Jory’s smile held a moment’s sadness, and she squeezed Maggie a little too tight.

“It’s all right,” Maggie assured her. “If one single thing had been different, I might never have run away and found Bash. Now every day’s an adventure. I wouldn’t have it any other way.”

Her cousin peered into her face, as if making sure Maggie meant it. Then she smiled. “You used to be so fearful of freckles. But they suit this beautiful, adventurous face.”

They joined the rest of the family by the bonfire and Finn, the former Shaw Wretch, embraced Maggie. “Congratulations, Magpie,” he whispered, and so there were five who knew about the baby, despite the loose fitting dress and shawl she had donned instead of her usual breeches.

“This one wants a feed, I think,” old Mrs. Leask said, bringing a fussy baby Freddy over, though she was clearly reluctant to part with him so he could nurse.

More likely he was cranky because the milk didn’t hold him long anymore and he wanted some gruel, but Maggie was happy to let him suckle as long as he would.

“Chamomile will help the teething pain,” Ryna said, joining them and putting a necklace of copper coins over Freddy’s head. “Same as it helped your migraine when you hadn’t had enough to drink. ”

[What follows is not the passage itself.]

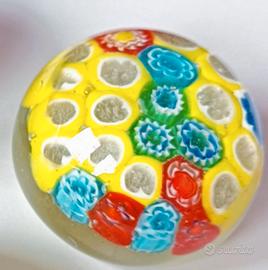 FERMACARTA IN VETRO DI MURANO VINTAGE FIORI. GIALLO.

“I’ll give him some before I put him down,” Maggie promised, kissing her adopted mother-in-law on the cheek.

They’d been shocked six months before when Bash’s auntie arrived with Constantin, proclaiming that a vision had sent her to help with Freddy’s birth. The labor had been worse than Maggie’s first three combined, and without Jory there, she’d been so very grateful to have Ryna’s steady, calming presence.

Once the baby arrived, Ryna decided to stay through the summer, vowing to return to Kingston when she’d had enough of the cold. Now autumn was encroaching, and still she and Constantin remained.

Maggie hadn’t told them yet they might as well stay another six months rather than leaving and coming back again, but sometimes when she caught Ryna watching her or exchanging a look with Constantin, she supposed they had probably guessed as much.

So perhaps the count was up to seven who knew. Or eight, given the way Mrs. Leask was eyeing her. Mercy, it was hard to keep a secret among this lot.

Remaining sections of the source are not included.